甜茶(Rubus Suatrssimus S.Lee)は、広西省の四大名物の1つであり、広東省、湖南省、江西省などにおいても栽培されている。甜茶は、大量のバイオフラボノイドを含み、一般的な緑茶の効果を持つ他に、心血管疾患の治療や予防、脳卒中の予防、癌の予防、歯周病の予防などの薬効を持ち、薬用価値が極めて高い。
ルブソシドは、甜茶において甘味に寄与し、保健作用を発揮する主成分である。初期に、ルブソシドを抽出する方法として、熱湯浸出による簡単なプロセスは簡単であったものの、抽出率が一般的に低く、資源の無駄な消費が極めて多かった。抽出率及び製品の品質を向上するために、近年、ルブソシドの抽出プロセスの改良に関する研究が行なわれている。
例えば、CN106243165Aには、1)甜茶葉を粉砕し、エタノールで抽出し、抽出液を濾過し、濾液からエタノールを減圧回収し、粗抽出物を得るステップと、2)粗抽出物を水に溶解し、濾過し、濾液を取って準備するステップと、3)ステップ2)の濾液を分画分子量1000の高分子濾過膜により分離し、流出液を収集するステップと、4)流出液にEuAlO3を液固比1000ml:0.2〜1mgの割合で加え、30〜50s沈殿させ、濾過して沈殿物を除去し、濾液を乾燥してルブソシドを得るステップと、を含む甜茶葉からのルブソシドの抽出方法が開示されている。

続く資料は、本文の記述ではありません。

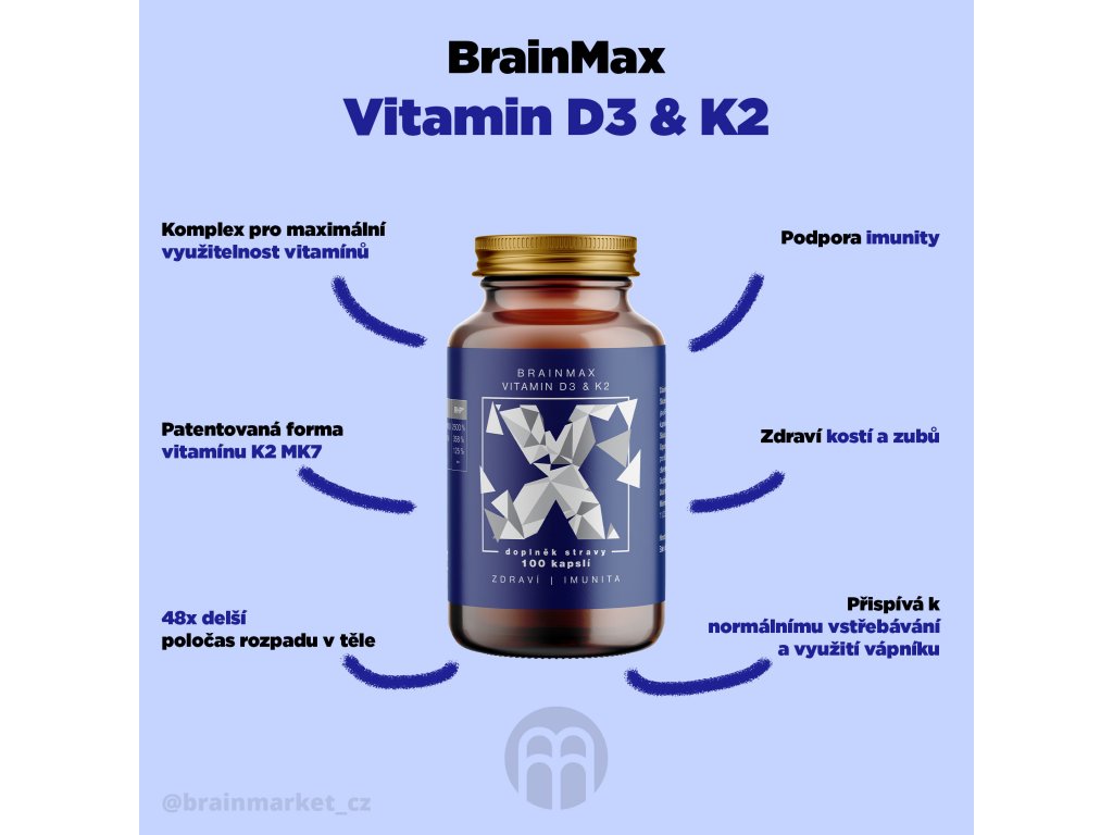 BrainMax Vitamín D3 & K2 kombinuje vitamíny D3 a K2 ako MK7, dve mikroživiny, ktoré boli rozsiahle skúmané pre svoju úlohu v zdraví kostí, zubov a kardiovaskulárneho systému. Vitamín D3 podporuje ukladanie vápnika do kostí, čím zlepšuje zdravie kostí. S vyšším príjmom vitamínu D3 môže súvisieť ukladanie vápnika do ciev (kalcifikácia ciev). Z tohto dôvodu sme k vitamínu D3 pridali vitamín K2 ako MK7, ktorý čistí cievy od vápnika a pomáha ukladať vápnik do kostí. Je to binárna zbraň, absolútna synergia dvoch esenciálnych vitamínov, ktoré sú dôležité pre celkové zdravie. Vitamín D3 si naše telo v lete vytvorí zo slnečného žiarenia, ale vitamín K2 môžeme prijímať iba z potravy. Dosiahnuť však jeho požadovanú dennú potrebu je prakticky nemožné.

CN104926892Aには、(1)乾燥した甜茶葉を粉砕するステップと、(2)超音波により解砕して予備処理を行うステップと、(3)定温で浸出するステップと、(4)吸引濾過し、濾液を収集するステップと、(5)凝集剤をFeSO4として、得られた濾液をpH10、温度60℃で凝集させるステップと、(6)溶離液を蒸留水としてマクロポーラス樹脂により溶離し、流出液を収集するステップと、(7)流出液を濃縮するステップと、(8)ステップ(7)で得られた濃縮液にメタノールを加え、低温で結晶化させ、さらに遠心分離し、メタノールを回収するステップと、(9)遠心分離後の固体物質を45℃〜50℃で恒量に達するまで真空乾燥して、前記ルブソシドを得るステップと、を含む甜茶からのルブソシドの抽出方法が開示されている。
上述した従来技術を含めて、中国国内の甜茶抽出産業は、実際的な生産において、プロセスが複雑で、肝要な生産工程の制御が困難であり、有害な化学的成分が取り込まれるという問題が普遍的に存在することにより、生産された製品は、いずれも、ある程度の苦味を持ち、色が十分に白くならず、製品の品質が不安定であるという欠点を持つ。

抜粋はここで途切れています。